It could be split, but it is laziness that amplifies the issue so I thought of
keeping it in the same patch. I don't mind one way or the other.

>> diff --git a/kernel/rcu/tree_nocb.h b/kernel/rcu/tree_nocb.h
>> index 31068dd31315..7e97a7b6e046 100644
>> --- a/kernel/rcu/tree_nocb.h
>> +++ b/kernel/rcu/tree_nocb.h
>> @@ -256,6 +256,31 @@ static bool wake_nocb_gp(struct rcu_data *rdp, bool force)
>> return __wake_nocb_gp(rdp_gp, rdp, force, flags);
>> }
>>
>> +/*
>> + * LAZY_FLUSH_JIFFIES decides the maximum amount of time that
>> + * can elapse before lazy callbacks are flushed. Lazy callbacks
>> + * could be flushed much earlier for a number of other reasons
>> + * however, LAZY_FLUSH_JIFFIES will ensure no lazy callbacks are
>> + * left unsubmitted to RCU after those many jiffies.
>> + */
>> +#define LAZY_FLUSH_JIFFIES (10 * HZ)
>> +unsigned long jiffies_till_flush = LAZY_FLUSH_JIFFIES;
>
> It seems this can be made static?

Yes, will do.
>> @@ -265,23 +290,39 @@ static void wake_nocb_gp_defer(struct rcu_data *rdp, int waketype,
>> {
>> unsigned long flags;
>> struct rcu_data *rdp_gp = rdp->nocb_gp_rdp;
>> + unsigned long mod_jif = 0;
>>
>> raw_spin_lock_irqsave(&rdp_gp->nocb_gp_lock, flags);
>>
>> /*
>> - * Bypass wakeup overrides previous deferments. In case
>> - * of callback storm, no need to wake up too early.
>> + * Bypass and lazy wakeup overrides previous deferments. In case of
>> + * callback storm, no need to wake up too early.
>> */
>> - if (waketype == RCU_NOCB_WAKE_BYPASS) {
>> - mod_timer(&rdp_gp->nocb_timer, jiffies + 2);
>> - WRITE_ONCE(rdp_gp->nocb_defer_wakeup, waketype);
>> - } else {
>> + switch (waketype) {
>> + case RCU_NOCB_WAKE_LAZY:
>> + if (rdp->nocb_defer_wakeup != RCU_NOCB_WAKE_LAZY)
>> + mod_jif = jiffies_till_flush;
>> + break;
>
> Ah so this timer override all the others, and it's a several seconds
> timers. Then I'll have a related concern on nocb_gp_wait().

Ok I replied below.

>> + case RCU_NOCB_WAKE_BYPASS:
>> + mod_jif = 2;
>> + break;
>> +
>> + case RCU_NOCB_WAKE:
>> + case RCU_NOCB_WAKE_FORCE:
>> + // For these, make it wake up the soonest if we
>> + // were in a bypass or lazy sleep before.
>> if (rdp_gp->nocb_defer_wakeup < RCU_NOCB_WAKE)
>> - mod_timer(&rdp_gp->nocb_timer, jiffies + 1);
>> - if (rdp_gp->nocb_defer_wakeup < waketype)
>> - WRITE_ONCE(rdp_gp->nocb_defer_wakeup, waketype);
>> + mod_jif = 1;
>> + break;
>> }
>>
>> + if (mod_jif)
>> + mod_timer(&rdp_gp->nocb_timer, jiffies + mod_jif);
>> +
>> + if (rdp_gp->nocb_defer_wakeup < waketype)
>> + WRITE_ONCE(rdp_gp->nocb_defer_wakeup, waketype);
>
> So RCU_NOCB_WAKE_BYPASS and RCU_NOCB_WAKE_LAZY don't override the timer state
> anymore? Looks like something is missing.

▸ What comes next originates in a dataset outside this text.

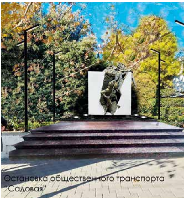
Остановка общественного транспорта "Садовая"

И сам принцип композиции очень современный и оригинальный, позволяющий зрителю взаимодействовать с произведением.

My goal was to make sure that NOCB_WAKE_LAZY wake keeps the timer lazy. If I
don't do this, then when CPU enters idle, it will immediately do a wake up via
this call:

rcu_nocb_need_deferred_wakeup(rdp_gp, RCU_NOCB_WAKE)

That was almost always causing lazy CBs to be non-lazy thus negating all the
benefits.

Note that bypass will also have same issue where the bypass CB will not wait for
intended bypass duration. To make it consistent with lazy, I made bypass also
not override nocb_defer_wakeup.

I agree its not pretty, but it works and I could not find any code path where it
does not work. That said, I am open to ideas for changing this and perhaps some
of these unneeded delays with bypass CBs can be split into separate patches.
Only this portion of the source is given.